Set down the lines below, exactly, starting at the one that contains "Around them, everyday" and stopping at the last line, inclusive. Omit pictures.

### The data
####

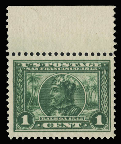 1913, 1¢ Panama-Pacific, perf 12 (Scott 397), a beautiful example, well centered within large margins, o.g., never hinged, Very Fine to Extremely Fine.
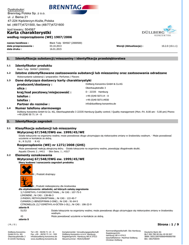 Dystrybutor: Brenntag Polska Sp. z o.o. ul. J. Bema 21 47-224 Kędzierzyn-Koźle, Polska tel. (48/77)4721500, fax (48/77)4721600 kod towaru: 504567 Karta charakterystki według rozporządzenie (WE) 1907/2006 nazwa handlowa : data przepracowania : data druku : Black Tulip 504567 (2000500) 03.10.2013 16.01.2015 Wersji (Aktualizacja) : 10.2.0 (10.1.1) 1. Identyfikacja substancji/mieszaniny i identyfikacja przedsiębiorstwa 1.1 Identyfikator produktu 1.2 Istotne zidentyfikowane zastosowania substancji lub mieszaniny oraz zastosowania odradzane Black Tulip 504567 (2000500) Wykorzystanie substancji / preparatów: Perfumes / Flavors 1.3 1.4 Dane dotyczące dostawcy karty charakterystyki Düllberg Konzentra GmbH & Co.KG producent/dostawcy : Obenhauptstraße 3 ulica : D - 22335 Hamburg kraj/kod pocztowy/miejscowość : +49 (0)40 507114 - 0 telefon : +49 (0)40 507114930 telefax : [email protected] Partner do rozmów : Numer telefonu alarmowego Düllberg Konzentra GmbH & Co. KG, Obenhauptstraße 3 22335 Hamburg Quality control / Quality management (Mon.-Fri. 8.00 am - 5.00 pm) Phone: +49 (0)40 50 71 14 - 0 2. Identyfikacja zagrożeń 2.1 Klasyfikacja substancji lub mieszaniny Wytycznej 67/548/EWG ew. 1999/45/WE Działa toksycznie na organizmy wodne; może powodowac długo utrzymujące się niekorzystne zmiany w środowisku wodnym. · Może powodować uczulenie w kontakcie ze skórą. N ; R 51/53 · R 43 Rozporządzenie (WE) nr 1272/2008 (GHS) Może powodować reakcję alergiczną skóry. · Działa toksycznie na organizmy wodne, powodując długotrwałe skutki. Aquatic Chronic 2 ; H411 · Skin Sens. 1 ; H317 2.2 Elementy oznakowania Wytycznej 67/548/EWG ew. 1999/45/WE litery kodowe i oznaczenia zagrożeń produktu Xi ; Produkt drażniący N ; Produkt niebezpieczny dla środowiska dla etykietowania: składniki, od których zależą zagrożenia 3,7-DIMETHYL-7-HYDROYXOCTANAL ; Nr CAS : 107-75-5 LIMONENE ; Nr CAS : 138-86-3 2-PHENYL METHYLENHEPTANAL ; Nr CAS : 122-40-7 CUMARIN (1-BENZOPYRAN-2-ONE) ; Nr CAS : 91-64-5 CITRONELLOL (3,7-DIMETHYL-6-OCTEN-1-OL) ; Nr CAS : 106-22-9 zdania R 51/53 Działa toksycznie na organizmy wodne; może powodowac długo utrzymujące się niekorzystne zmiany w środowisku wodnym. 43 Może powodować uczulenie w kontakcie ze skórą. zdania S Strona : 1 / 9 ( PL / D ) Düllberg Konzentra GmbH & Co. KG Obenhauptstraße 3 D-22335 Hamburg Tel +49 - 40/50 71 14 - 0 Fax +49 - 40/50 71 14 - 930 [email protected] www.duellberg-konzentra.de Komplementär: Verwaltungsgesellschaft Düllberg Konzentra m.b.H. Hamburg Registergericht: Hamburg HR B 37513 Steuernummer: 49/615/00287 Kommanditgesellschaft: Sitz Hamburg Registergericht: Hamburg HR A 47413 Geschäftsführer: Manfred Düllberg Christian Düllberg Deutsche Bank AG BLZ 200 700 00 Kto 49 00 007 IBAN: DE51200700000490000700 BIC: DEUTDEHH Karta charakterystki według rozporządzenie (WE) 1907/2006 nazwa handlowa : data przepracowania : data druku : 61 37 24 Black Tulip 504567 (2000500) 03.10.2013 16.01.2015 Wersji (Aktualizacja) : 10.2.0 (10.1.1) Unikać zrzutów do środowiska. Postępować zgodnie z instrukcją lub kartą charakterystyki. Nosić odpowiednie rękawice ochronne. Unikać zanieczyszczenia skóry. Rozporządzenie (WE) nr 1272/2008 (GHS) Piktogramy zagrożeń Środowisko (GHS09) · Wykrzyknik (GHS07) Słowo hasłowe Uwaga dla etykietowania: składniki, od których zależą zagrożenia 3,7-DIMETHYL-7-HYDROYXOCTANAL ; Nr CAS : 107-75-5 LIMONENE ; Nr CAS : 138-86-3 2-PHENYL METHYLENHEPTANAL ; Nr CAS : 122-40-7 CUMARIN (1-BENZOPYRAN-2-ONE) ; Nr CAS : 91-64-5 CITRONELLOL (3,7-DIMETHYL-6-OCTEN-1-OL) ; Nr CAS : 106-22-9 Wskazówki zagrożeń H317 Może powodować reakcję alergiczną skóry. H411 Działa toksycznie na organizmy wodne, powodując długotrwałe skutki. Wskazówki bezpieczeństwa P261 Unikać wdychania pyłu/dymu/gazu/mgły/par/rozpylonej cieczy. P272 Zanieczyszczonej odzieży ochronnej nie wynosić poza miejsce pracy. P273 Unikać uwolnienia do środowiska. P333/313 W przypadku wystąpienia podrażnienia skóry lub wysypki: Zasięgnąć porady/zgłosić się pod opiekę lekarza. P321 Zastosować określone leczenie (patrz ... na etykiecie). P302/352 W PRZYPADKU KONTAKTU ZE SKÓRĄ: Umyć dużą ilością wody z mydłem. 2.3 Inne zagrożenia brak 3. Skład/informacja o składnikach 3.2 Mieszaniny niebezpieczne substancje składowe 2-PHENYLETHANOL ; Nr WE : 200-456-2; Nr CAS : 60-12-8 Udział : 10 - 15 % Zaszeregowanie 67/548/EWG : Xi ; R36 Zaszeregowanie 1907/2006 (GHS) : Eye Irrit. 2 ; H319 ALPHA, ALPHA-DIMETHYLPHENYLETHYLACETATE ; Nr WE : 205-781-1; Nr CAS : 151-05-3 Udział : 10 - 15 % Zaszeregowanie 67/548/EWG : R52/53 Zaszeregowanie 1907/2006 (GHS) : Aquatic Chronic 3 ; H412 P-T-BUTYLCYCLOHEXYLACETATE ; Nr WE : 250-954-9; Nr CAS : 32210-23-4 Udział : 5 - 10 % Zaszeregowanie 67/548/EWG : N ; R51/53 Zaszeregowanie 1907/2006 (GHS) : Aquatic Chronic 2 ; H411 LINALOOL (DIMETHYL-1,6-OCTADIEN-3-OL) ; Nr WE : 201-134-4; Nr CAS : 78-70-6 Udział : 5 - 10 % Zaszeregowanie 67/548/EWG : Xi ; R38 Strona : 2 / 9 ( PL / D ) Düllberg Konzentra GmbH & Co. KG Obenhauptstraße 3 D-22335 Hamburg Tel +49 - 40/50 71 14 - 0 Fax +49 - 40/50 71 14 - 930 [email protected] www.duellberg-konzentra.de Komplementär: Verwaltungsgesellschaft Düllberg Konzentra m.b.H. Hamburg Registergericht: Hamburg HR B 37513 Steuernummer: 49/615/00287 Kommanditgesellschaft: Sitz Hamburg Registergericht: Hamburg HR A 47413 Geschäftsführer: Manfred Düllberg Christian Düllberg Deutsche Bank AG BLZ 200 700 00 Kto 49 00 007 IBAN: DE51200700000490000700 BIC: DEUTDEHH Karta charakterystki według rozporządzenie (WE) 1907/2006 nazwa handlowa : data przepracowania : data druku : Black Tulip 504567 (2000500) 03.10.2013 16.01.2015 Zaszeregowanie 1907/2006 (GHS) : Wersji (Aktualizacja) : 10.2.0 (10.1.1) Skin Irrit. 2 ; H315 3,7-DIMETHYL-7-HYDROYXOCTANAL ; Nr WE Udział : Zaszeregowanie 67/548/EWG : Zaszeregowanie 1907/2006 (GHS) : : 203-518-7; Nr CAS : 107
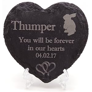 Personalised Engraved Natural Slate Heart, Pet Slate Memorial Plaque, Rabbit Pet Grave Marker.
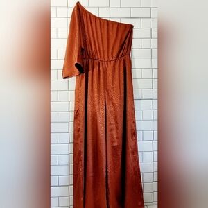 ACCENT PRONE THE LABEL Ladies One Shoulder Jumpsuit Elastic Waist Wide Leg Light Weight
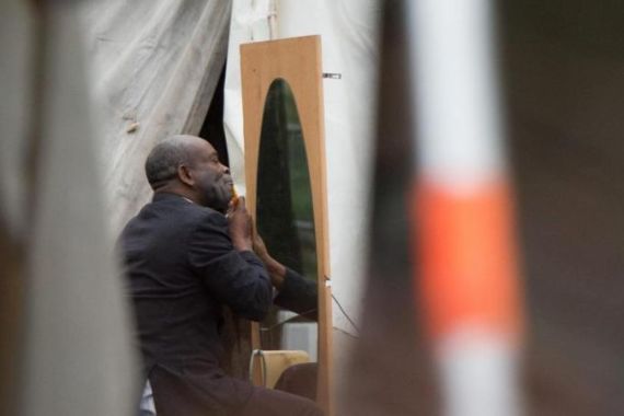 Around them, everyday life goes on: Outside one tent, some inhabitants have set up a makeshift barber’s shop and are shaving each other’s heads.
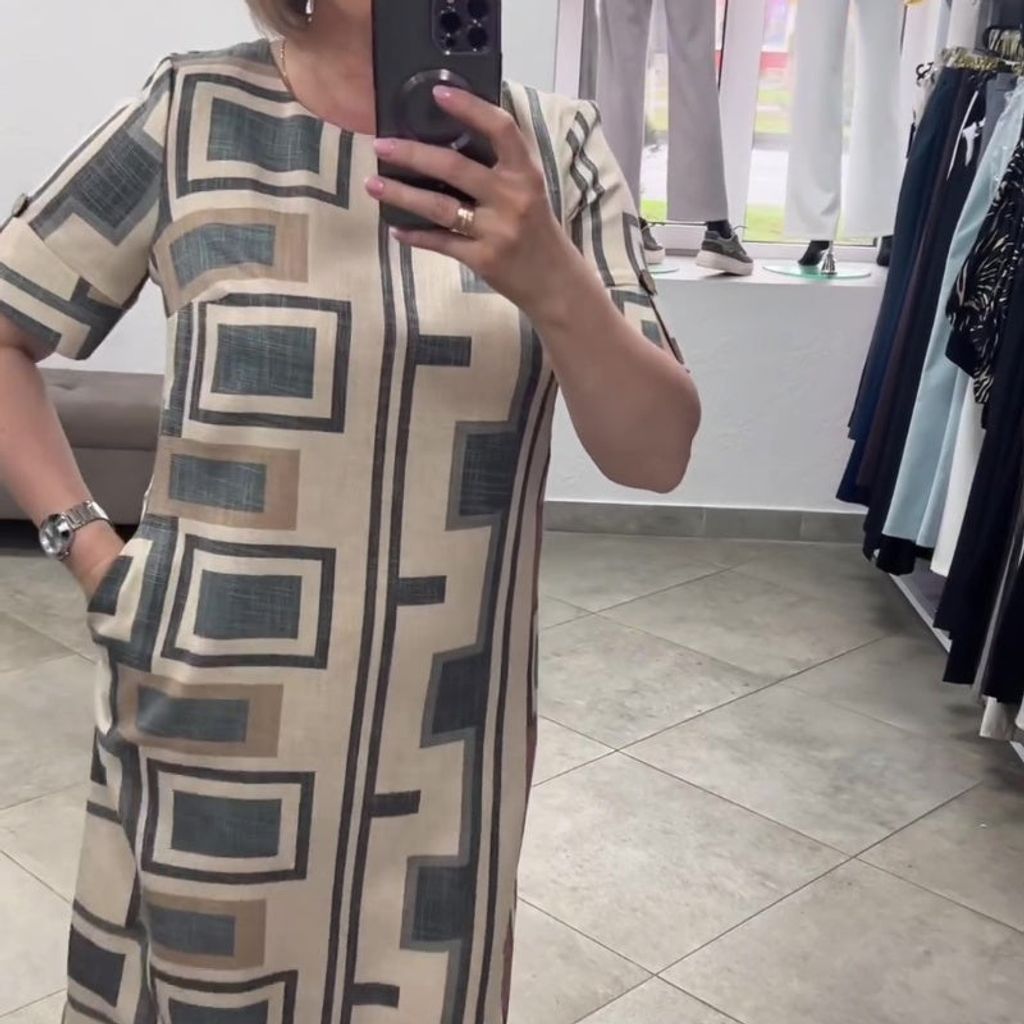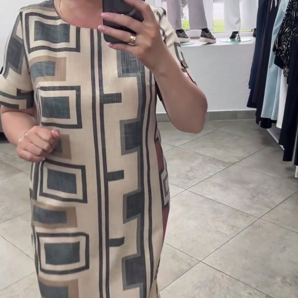 Balení obsahuje: Sada: 1 * Dámské šaty s geometrickým potiskem a kulatým výstřihem.

####

### Response
 Around them, everyday life goes on: Outside one tent, some inhabitants have set up a makeshift barber’s shop and are shaving each other’s heads.
 Balení obsahuje: Sada: 1 * Dámské šaty s geometrickým potiskem a kulatým výstřihem.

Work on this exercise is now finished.